Tinsel, Ribbon and other Pretty Things
Those shiny strands of Christmas tree décor drive kitties wild! While watching them play intently with tinsel may make us smile, it could make your kitty very ill. Eating tinsel or other string-like items such as ribbon (often called linear foreign bodies) can cause serious damage to the intestine. The ends of ribbon or tinsel can get stuck while the rest is pulled into the intestine as it contracts; the contractions may cause the ribbon or tinsel to saw through the intestine. If not caught in time, serious complications such as infection of the belly cavity can develop. Pets with linear foreign bodies quickly become ill with signs including vomiting, diarrhea, depression, belly pain and sometimes fever.
Remember, foreign matter stuck in the intestine often does NOT show up on x-rays, but sometimes the foreign matter will trap air in the intestine, which helps your veterinarian make a diagnosis. Surgery is required to remove foreign matter that does not pass out on its own.
Chocolate poisoning occurs most frequently in dogs but other species are also susceptible. Theobromine is the toxic compound found in chocolate. Signs which may appear within 1 to 4 hours of eating chocolate include:
·Difficulty keeping balance
·Muscle spasms, seizures, coma
·Death from abnormal heart rhythm
Be aware, the toxicity of chocolate depends on the amount and type of chocolate ingested:
Source Potential Toxic Dose (44lb dog)
Unsweetened Cocoa 3oz
Baking Chocolate 5oz
Semisweet Chocolate 7oz
Milk Chocolate 20oz
The amount of theobromine in white chocolate or chocolate flavored dog treats is usually negligible. As with any poisoning, call your veterinarian or an emergency veterinary hospital immediately if you suspect your pet may have ingested chocolate. Remember to bring all packaging to your vet!
Poinsettias & Mistletoe
Poinsettias have received bad publicity in the past whereas in fact, poinsettias are not very toxic to pets. They do contain a milky sap that can irritate the mouth but if signs develop they are usually mild.

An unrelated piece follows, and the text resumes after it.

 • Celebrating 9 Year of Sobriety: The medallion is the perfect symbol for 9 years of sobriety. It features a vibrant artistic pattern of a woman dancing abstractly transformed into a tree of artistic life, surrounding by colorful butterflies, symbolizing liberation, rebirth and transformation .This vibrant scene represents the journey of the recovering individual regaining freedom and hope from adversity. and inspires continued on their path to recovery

Mistletoe can be very toxic to animals and you should seek veterinary consultation immediately if your pet has potentially ingested any part of the plant. Mistletoe can cause vomiting, severe diarrhea, difficult breathing, shock and death within hours of ingestion.
There are many species of Holly (genus Ilex) Berries and leaves can be a problem although signs of poisonings are generally mild, and include vomiting, belly pain, and diarrhea.

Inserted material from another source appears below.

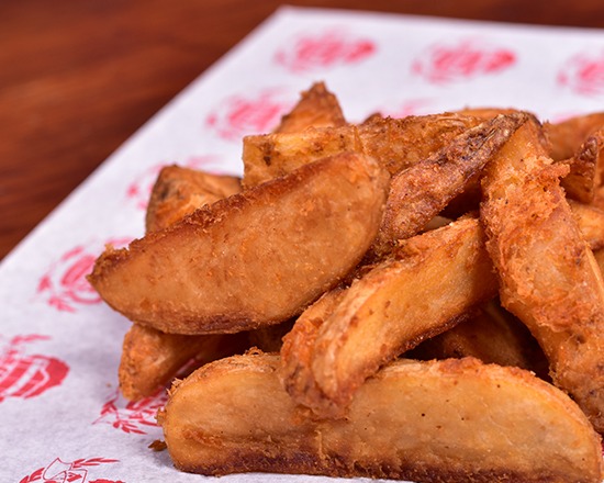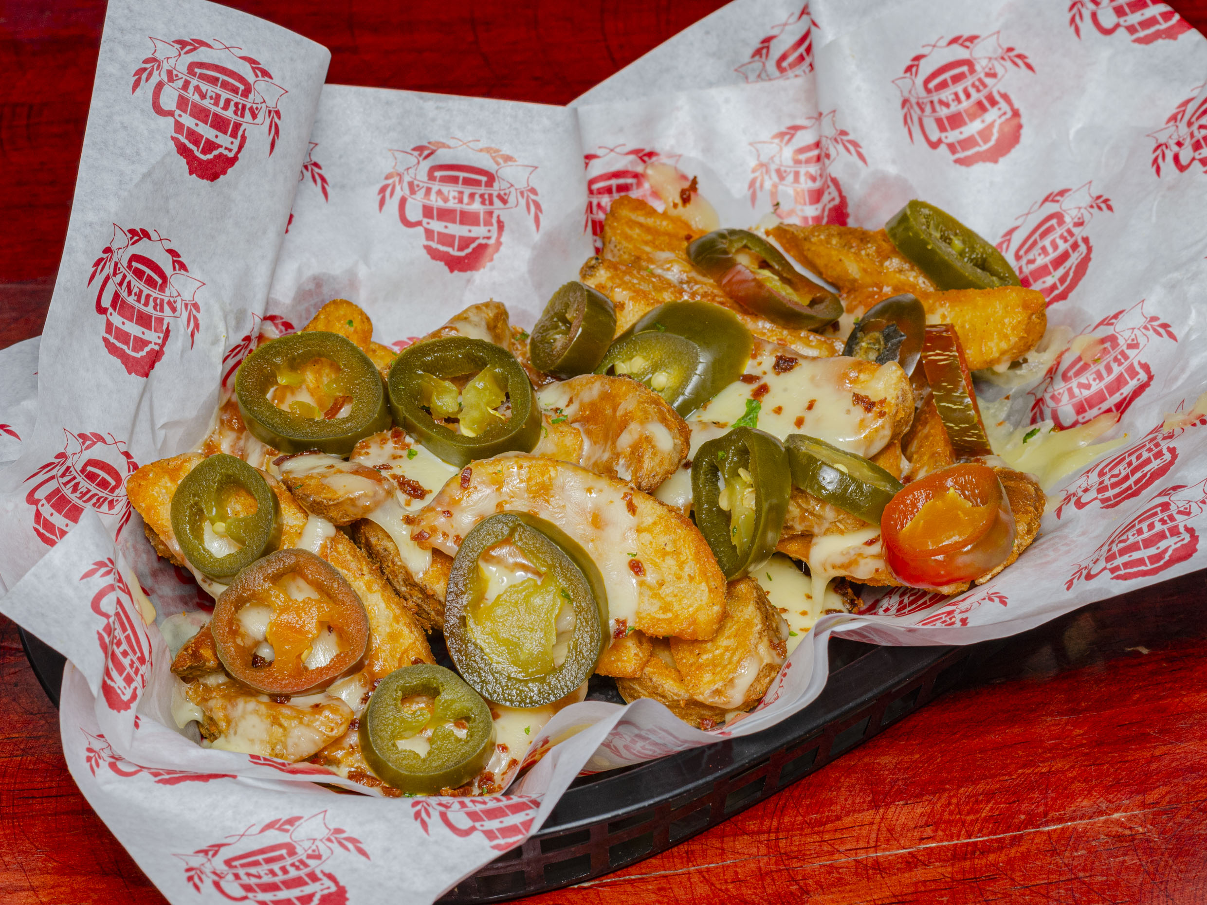 Papás gajo con queso gouda, tocino crujiente y jalapeño.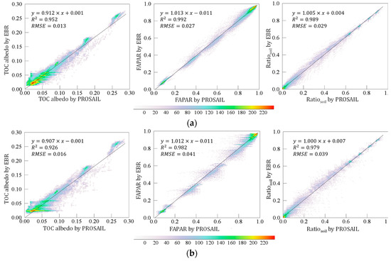 Evaluation of the EBR approach using the 81,000 simulations by PROSAIL. (a) “True” values of the leaf extinction coefficient (k), , and G(θ) were available from PROSAIL simulations, (b) the prior parameters were fixed (k = 0.88, G(θ) = 0.5, = 0.025).

Go over house rules with all guests prior to their visit to ensure pets are kept safe. Family and guests coming and going throughout the day makes it easier for pets to sneak their way out of the house. Be sure to keep identification on your pets at all times and keep them contained in a bedroom if you are expecting a lot of foot traffic through your front door.
Pets as Gifts
A cute, cuddly puppy or kitten may seem to be the perfect gift but unfortunately after the holiday season the population of animal shelters explodes with these “surprise gifts”. Owning a pet is a long-term commitment that not every one can make.

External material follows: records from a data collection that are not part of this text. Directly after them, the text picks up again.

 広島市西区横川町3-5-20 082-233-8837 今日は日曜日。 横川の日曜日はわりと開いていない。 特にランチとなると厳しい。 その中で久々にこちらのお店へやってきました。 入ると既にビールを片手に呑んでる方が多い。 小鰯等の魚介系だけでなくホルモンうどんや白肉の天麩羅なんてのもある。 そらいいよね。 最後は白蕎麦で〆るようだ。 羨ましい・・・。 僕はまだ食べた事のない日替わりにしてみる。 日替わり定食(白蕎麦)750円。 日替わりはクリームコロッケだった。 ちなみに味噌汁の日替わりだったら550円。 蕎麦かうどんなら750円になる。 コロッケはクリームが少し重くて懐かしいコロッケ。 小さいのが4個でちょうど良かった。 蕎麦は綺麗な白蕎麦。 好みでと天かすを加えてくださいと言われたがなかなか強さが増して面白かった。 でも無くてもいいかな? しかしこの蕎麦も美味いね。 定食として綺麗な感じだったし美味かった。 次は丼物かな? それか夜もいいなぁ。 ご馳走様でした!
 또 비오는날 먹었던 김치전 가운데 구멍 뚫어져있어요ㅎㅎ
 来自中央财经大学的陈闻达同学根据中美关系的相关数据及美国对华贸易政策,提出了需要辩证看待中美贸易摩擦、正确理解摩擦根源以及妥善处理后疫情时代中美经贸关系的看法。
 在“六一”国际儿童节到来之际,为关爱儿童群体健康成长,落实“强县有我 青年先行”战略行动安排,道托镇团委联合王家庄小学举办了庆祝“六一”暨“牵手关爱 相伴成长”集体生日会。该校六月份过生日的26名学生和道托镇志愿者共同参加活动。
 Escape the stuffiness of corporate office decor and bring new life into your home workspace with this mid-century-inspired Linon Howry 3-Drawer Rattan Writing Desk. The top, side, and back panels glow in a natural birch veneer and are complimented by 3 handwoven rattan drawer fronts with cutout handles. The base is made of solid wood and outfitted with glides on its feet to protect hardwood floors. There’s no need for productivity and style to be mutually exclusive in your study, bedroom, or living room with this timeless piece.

If you suspect that your pet has ingested something toxic and you are seeing signs of toxicity, please proceed to your emergency veterinarian right away.
If your pet has ingested something and you don’t know if it is potentially hazardous, and your pet seems “fine”, you can call Pet Poison Control 24/7 for a nominal phone consultation fee. Please make sure to have the container/packaging of the ingested item and know your pet’s approximate weight. They will give you recommendations as to whether it may be better to “wait and see” or if it is an immediate emergency.
ASPCA Poison Control 1-888-426-4435
Hopefully these tips ensures the fun and safety of all your family members, including your pets. Have a wonderful holiday!